Global venture incubators advised start-up wannabes to do something for failure rather than for success to disrupt the market.

Participating in Startup:CON 2015, a start-up conference organized by the Korea Creative Content Agency and the Ministry of Culture, Sports and Tourism on Wednesday, Luke Iseman, start-up incubator Y Combinator’s director of hardware, said those who want to make hits in the start-up scene have to be “crazy about what they do to change the world.”

Luke Iseman, start-up incubator Y Combinator’s director of hardware, speaks at a press meeting during Startup:CON 2015 in Seoul on Wednesday. (KOCCA)
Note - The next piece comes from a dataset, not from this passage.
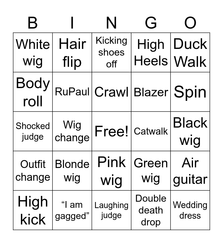 This bingo card has a free space and 33 words: Death drop, Lip-syncing, Wig change, Split, Outfit change, RuPaul, Duck Walk, High kick, Hair flip, Spin, Crawl, Kicking shoes off, Lady Gaga song, Ad break, Catwalk, Spin, “I am gagged”, Shocked judge, Blonde wig, Green wig, Pink wig, Yellow wig, White wig, Black wig, Laughing judge, Wedding dress, High Heels, Blazer, Body roll, Air guitar, Flowers in hair, Double death drop and Sparkly outfit.

“They (start-ups) have to embrace failure, I mean, literal failure, like running out of money, and losing people,” said Iseman in a press meeting held on the sidelines of the conference, adding those abject failures would be “the greatest weapons” for entrepreneurs.

He also advised that collaboration with seasoned businessmen or experts and proactive actions are also important factors when running start-ups.

As start-up scenes become more international than local, believing that basing companies in certain areas where lots of well-established tech firms are located does not necessarily guarantee the success of start-ups, but could result in disasters, he said.

Agreeing with Iseman’s ideas on the business location issue, Duncan Turner, managing director of Shenzhen-based hardware incubator Hax, said “60 percent of start-ups in Shenzhen come from America, and people from Europe and Asia begin businesses in San Francisco.”

Other prominent start-up figures present at the conference included health care start-up BBB chief executive Choi Jae-kyu, and crowdfunding firm Indiegogo’s outreach manager Andrew Song.
 

Kickstarter cofounder Charles Adler gives a speech at the Startup:CON 2015 held in Seoul Wednesday. (KOCCA)

When asked about whether huge conglomerates such as Samsung Electronics were apt for nurturing and running small start-ups, Kickstarter cofounder Charles Adler said the bureaucracy and rigid corporate culture of huge conglomerates would hinder the quick, effective communication and swift action needed when running a small business.